Let’s get one thing out of the way: If you’re unable to adjust your position or opinion on substance use disorder when you get new, compelling information about it, stop reading now. We don’t have the luxury of time to attempt to convince people hell-bent on holding their ground, even if they’re on the wrong hill.
Now that we’ve got that out of the way, let’s talk about the big myths of recovery and substance use that are and will continue to prevent us from making meaningful progress in addressing America’s biggest public health crisis in recent history.
A person’s worth is defined by their substance use and what they did while they were sick:
Many of us have done things we regret. One could argue the majority of humanity has moments in their past they wish they could erase. The difference between those of us who use drugs/are in recovery and the rest of the folks on earth is that many of the latter don’t require acknowledgement of a mental health condition and the wreckage caused in order to heal. People in or seeking recovery deserve a chance to thrive and if you don’t believe that, stop reading this and go back to what you were doing.

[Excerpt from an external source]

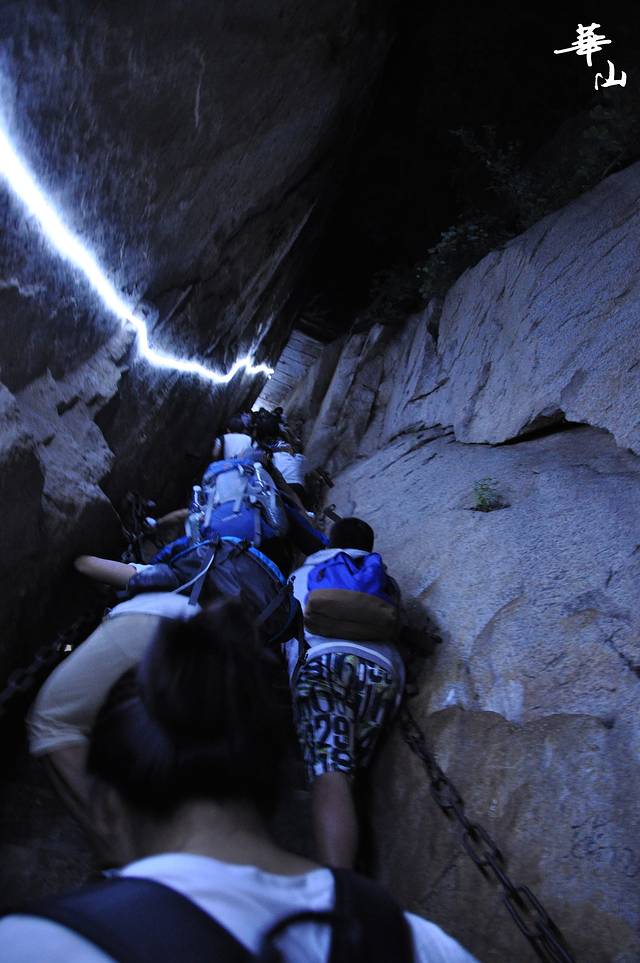前半夜爬山会觉得热,出大量的汗,但只要熬过凌晨1点以后,就是机械性的运动了。走一段歇一会,只要保持一直向前进,不用休息太长时间就好。一路上我们始终坚持“只走近路,不怕险路”的原则(其实因为夜行的原因,就是90°的爬坡也不会觉得害怕)。最终我们在4:10成功到达华山东峰。其实事实证明华山还是可以征服的,四个从不运动的女汉纸(两硕士+两博士)用了6个小时就可以从山脚到东峰。路上还遇到一个胖爸爸抱着6、7岁的孩子爬山的(这也是鼓励我不断向山顶攀登的动力)。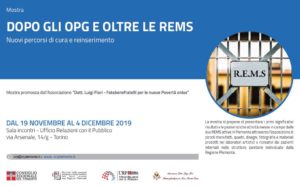 Mostra “Dopo gli OPG e oltre le REMS. Nuovi percorsi di cura e reinserimento”, promossa dal Consiglio regionale del Piemonte in collaborazione con l’Associazione “Dott. Luigi Fiori – Fatebenefratelli per le nuove Povertà onlus” di San Maurizio Canavese, che si terrà presso la Sala incontri dell’Ufficio Relazioni con il Pubblico del Consiglio regionale dal 19 novembre al 4 dicembre 2019.Via Arsenale 14/g – 10121 Torino

True recovery is complete abstinence from any and all mind-altering substances:
The truth, however uncomfortable it may make some of us feel, is that our personal recovery journeys are just that, OUR personal recovery journey. We all have the Constitutional right to say whatever we’d like for the most part. The recovery community is free to attempt to narrowly define recovery as we see it. The question we should be asking ourselves is “how many people are lost because they’ve been convinced by others in recovery that their inability to adhere to abstinence, despite their specific circumstances, indicates a lack of commitment to getting better?” It’s game time. Hundreds of us die every day. If you practice abstinence, that’s amazing and we’re really stoked for your recovery, but someone who’s recovery journey doesn’t include abstinence is no less worthy of support, resources and our admiration.
You have to hit rock bottom to truly be ready for recovery:
This one’s simple. The definition of rock bottom is subjective. One of our “rock bottoms” may be a felony arrest, while another’s may be an argument with a spouse. Negative consequences, big or small, are usually the primary indicator we have a problem with substance use. A person’s life doesn’t need to completely fall apart before they can utilize proper supports, care and encouragement to get healthier.
The best way to enter and sustain recovery is through “established” pathways like 12-step groups alone:
There’s no ignoring the facts; 12-Step recovery is a big deal. It works and works well for millions across the globe. A conflict has emerged as a result of public perception about recovery. Often, when recovery is referenced in popular media, it’s a group of people participating in a 12-Step fellowship. That means when the public thinks of recovery, they think of those fellowships. When they have a loved one, friend, or coworker experiencing substance use disorders they instantly think of those as the only pathways to recovery that actually work because they’re the only ones they’ve ever heard of. Make no mistake, 12-Step programs are extremely effective for a lot of people, but those for whom these programs aren’t effective should know about and have access to the many alternatives. For starters, check out Refuge Recovery, Women for Sobriety, SMART Recovery, LifeRing, Medication Assisted Recovery, and working with a personal therapist [you can check out an excellent piece on “Natural Recovery” by the one and only, William White here].
Substance use disorder is a choice:
Mark Lewis Ph.D. writes in Psychology Today, “What’s wrong is that the “choice” model ignores the brain. Big mistake! From a bird’s eye view, the reason people choose the immediate reward is that dopamine highlights immediate possibilities. That’s its function, and has been throughout evolutionary time. Research shows that dopamine rises proportionally as the goal gets closer and closer at hand, driving motivation with it. Now, if that’s the case for marshmallows and other normal rewards, imagine how powerful the dopamine surge is in response to addictive substances or acts! That swelling wave of dopamine, announcing the availability of a supremely attractive reward, thoroughly recasts the balance between present and future appeal. To choose future gain, over immediate reward or relief, becomes incredibly difficult when every synapse in the striatum and frontal cortex is resonating to the “neural now”. Especially once ego fatigue sets in. So, yes, the addictive act is a choice. Each and every time. That means that there is always the possibility of saying No. Yet, saying No is incredibly difficult, and that’s a problem the “choice” camp can’t solve…”
We’re spinning our wheels until we can address these myths as a recovery community. How can we convince the rest of America how to address this crisis if we can’t even agree on the points that define it?
Get involved. Get loud when it’s necessary. Listen to others whose experience differs from yours. Believe in yourself and believe in your fellow American. That’s what it will take, and we need you.